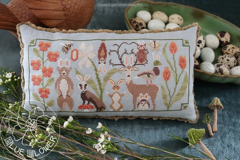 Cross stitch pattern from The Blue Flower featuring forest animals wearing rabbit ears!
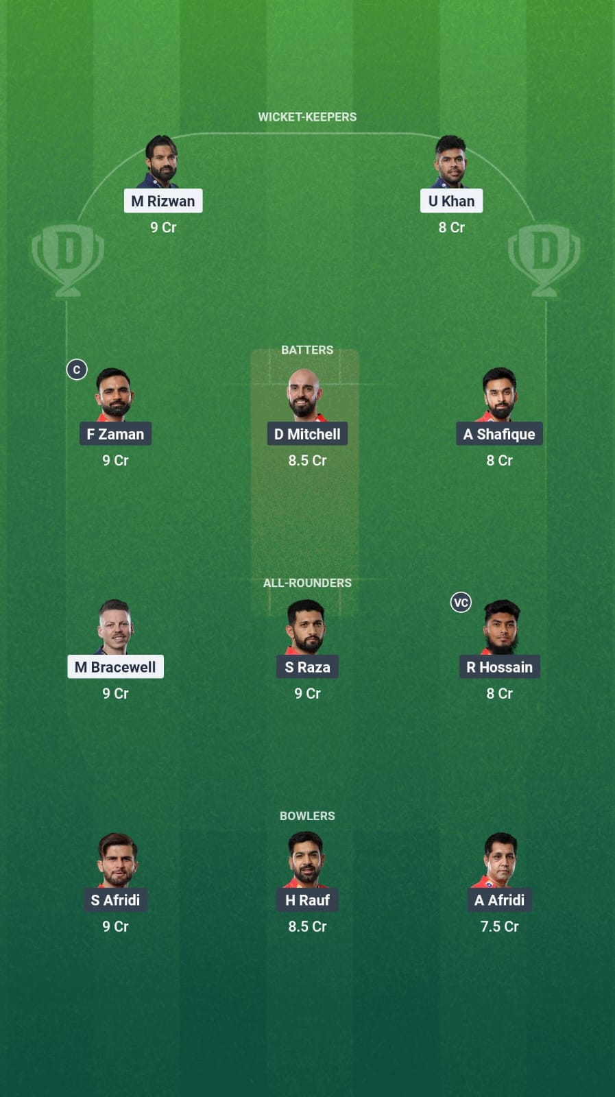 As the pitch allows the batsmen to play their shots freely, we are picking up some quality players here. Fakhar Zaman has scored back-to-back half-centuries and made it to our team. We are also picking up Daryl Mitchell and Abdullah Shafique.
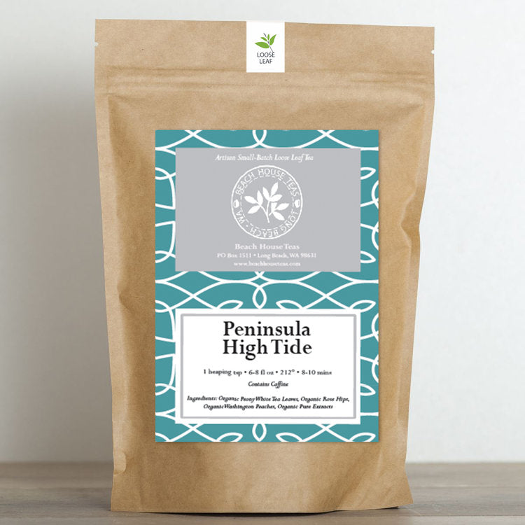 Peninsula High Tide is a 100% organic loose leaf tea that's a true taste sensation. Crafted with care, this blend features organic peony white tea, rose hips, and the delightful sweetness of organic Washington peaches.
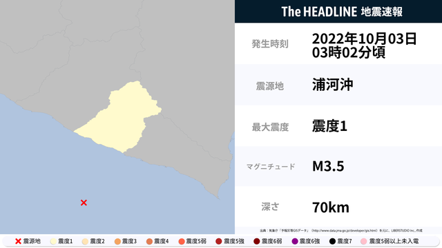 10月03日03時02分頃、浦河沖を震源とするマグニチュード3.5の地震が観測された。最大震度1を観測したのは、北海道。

...

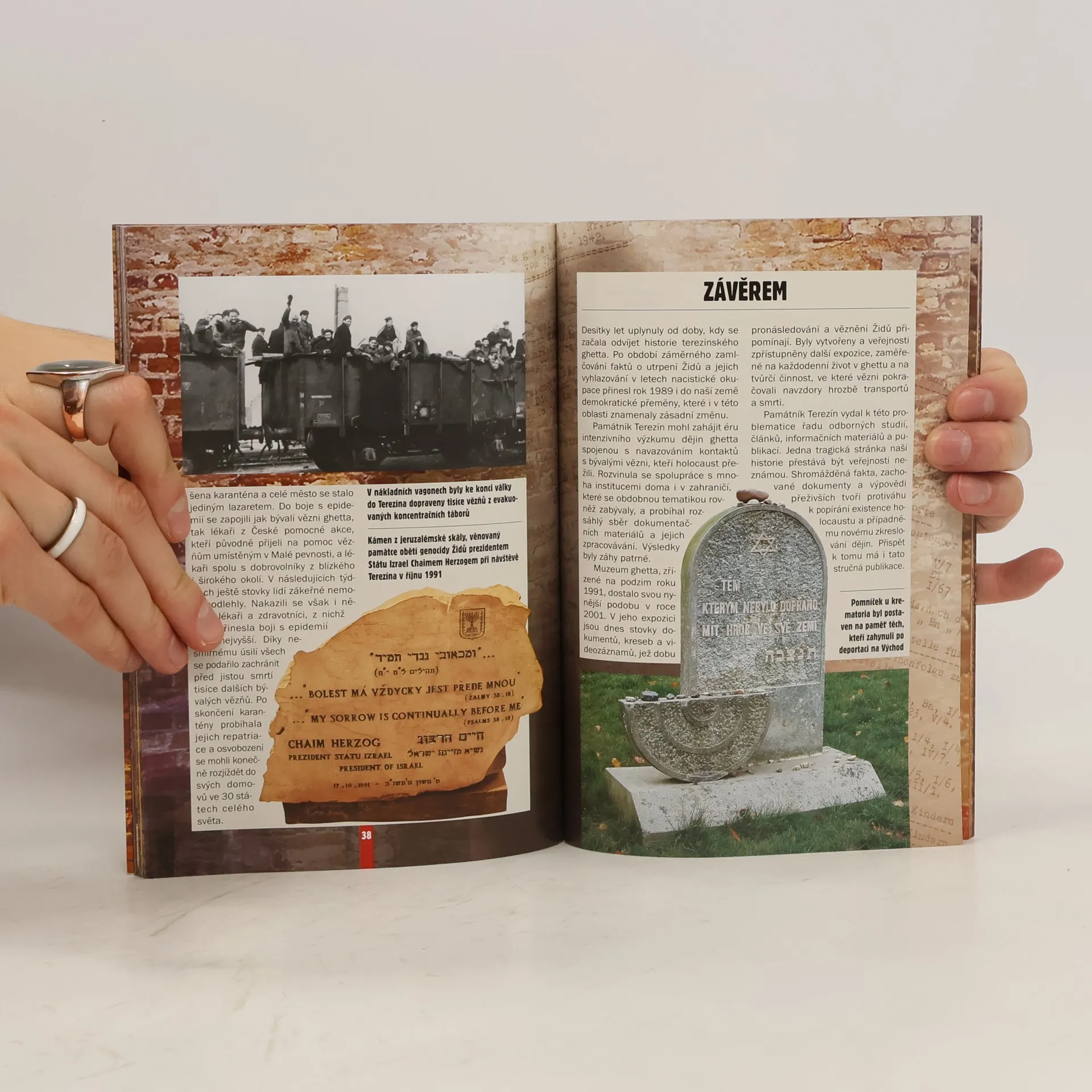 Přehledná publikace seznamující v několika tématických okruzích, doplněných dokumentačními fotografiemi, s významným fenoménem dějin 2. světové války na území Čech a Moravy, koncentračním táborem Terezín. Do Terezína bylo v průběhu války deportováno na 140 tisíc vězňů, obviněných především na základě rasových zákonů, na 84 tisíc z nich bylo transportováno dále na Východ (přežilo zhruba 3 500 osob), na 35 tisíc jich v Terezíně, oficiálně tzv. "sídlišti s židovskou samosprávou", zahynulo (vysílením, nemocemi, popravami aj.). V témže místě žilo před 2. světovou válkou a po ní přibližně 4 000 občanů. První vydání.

* * *

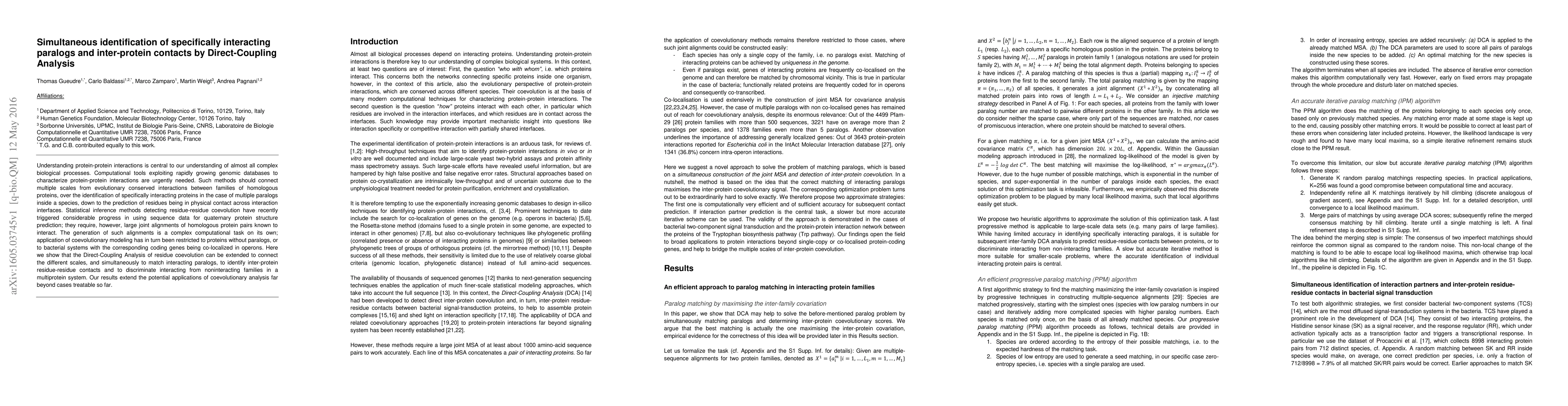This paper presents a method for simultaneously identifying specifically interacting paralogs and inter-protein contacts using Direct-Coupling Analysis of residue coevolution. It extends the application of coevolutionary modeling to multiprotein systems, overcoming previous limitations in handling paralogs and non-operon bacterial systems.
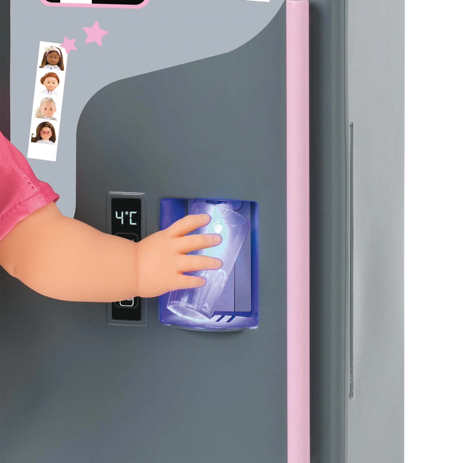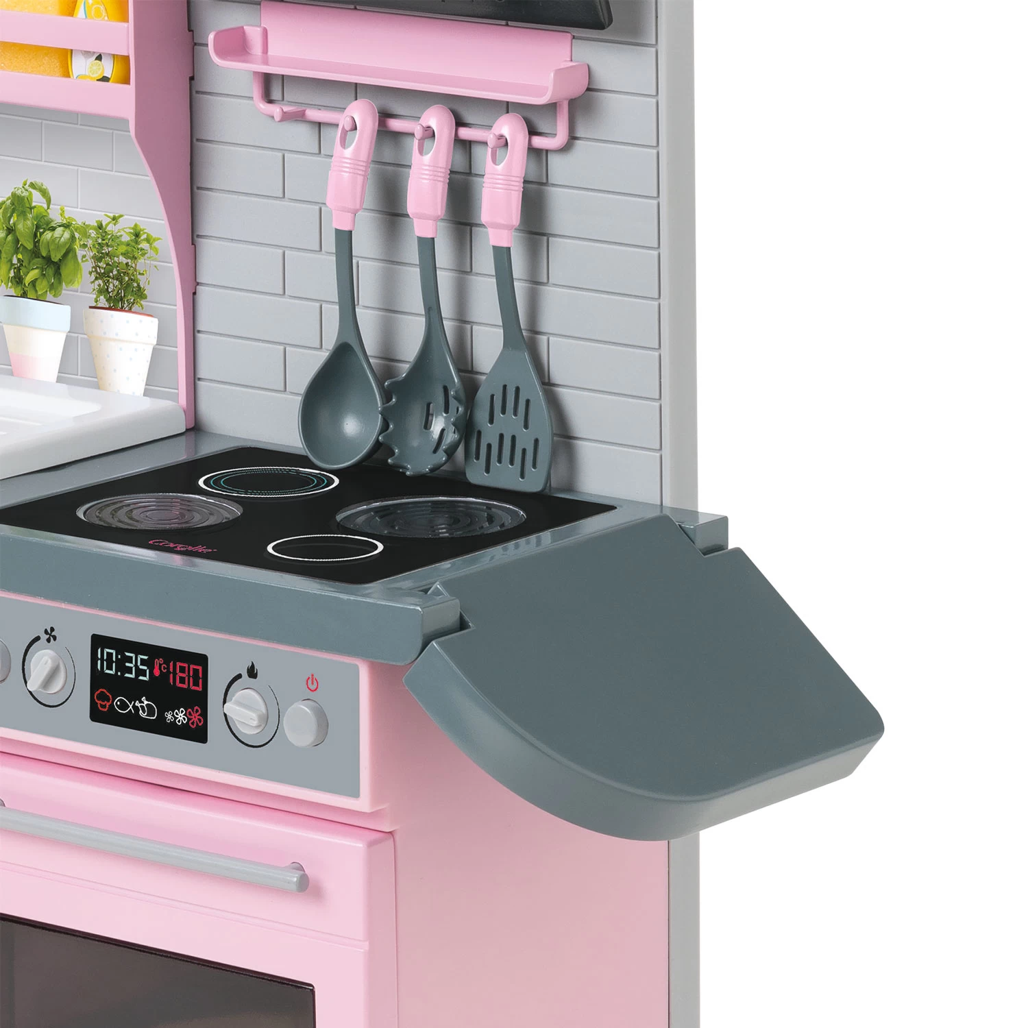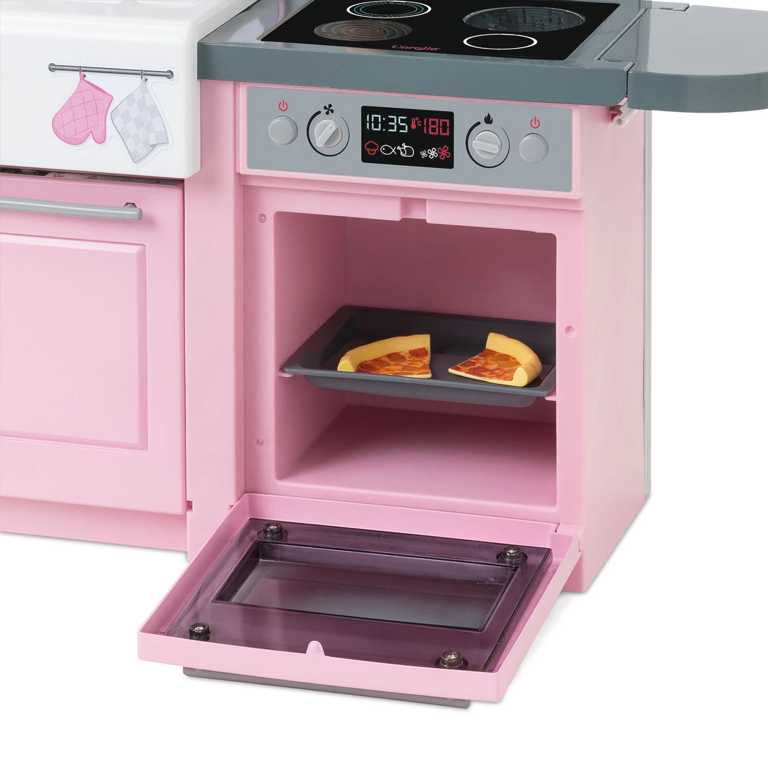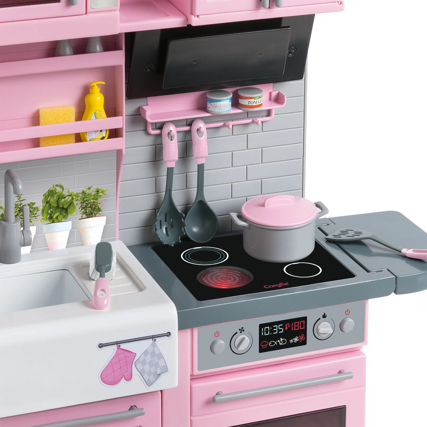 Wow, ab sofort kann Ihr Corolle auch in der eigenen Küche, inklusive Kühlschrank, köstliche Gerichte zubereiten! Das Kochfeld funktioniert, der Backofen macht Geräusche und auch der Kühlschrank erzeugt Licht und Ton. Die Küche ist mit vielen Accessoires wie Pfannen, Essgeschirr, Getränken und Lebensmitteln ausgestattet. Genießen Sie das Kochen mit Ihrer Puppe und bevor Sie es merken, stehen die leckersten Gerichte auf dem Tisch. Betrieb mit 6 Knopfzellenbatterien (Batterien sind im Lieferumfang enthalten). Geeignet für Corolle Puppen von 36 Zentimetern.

## WHAT THE EXERCISE ASKS
All that is wanted is the lines above between the one containing "Cross stitch pattern" and the one containing "10月03日03時02分頃、", inclusive, restated word for word, with pictures omitted.

## WRITTEN RESPONSE
 Cross stitch pattern from The Blue Flower featuring forest animals wearing rabbit ears!
 As the pitch allows the batsmen to play their shots freely, we are picking up some quality players here. Fakhar Zaman has scored back-to-back half-centuries and made it to our team. We are also picking up Daryl Mitchell and Abdullah Shafique.
 Peninsula High Tide is a 100% organic loose leaf tea that's a true taste sensation. Crafted with care, this blend features organic peony white tea, rose hips, and the delightful sweetness of organic Washington peaches.
 10月03日03時02分頃、浦河沖を震源とするマグニチュード3.5の地震が観測された。最大震度1を観測したのは、北海道。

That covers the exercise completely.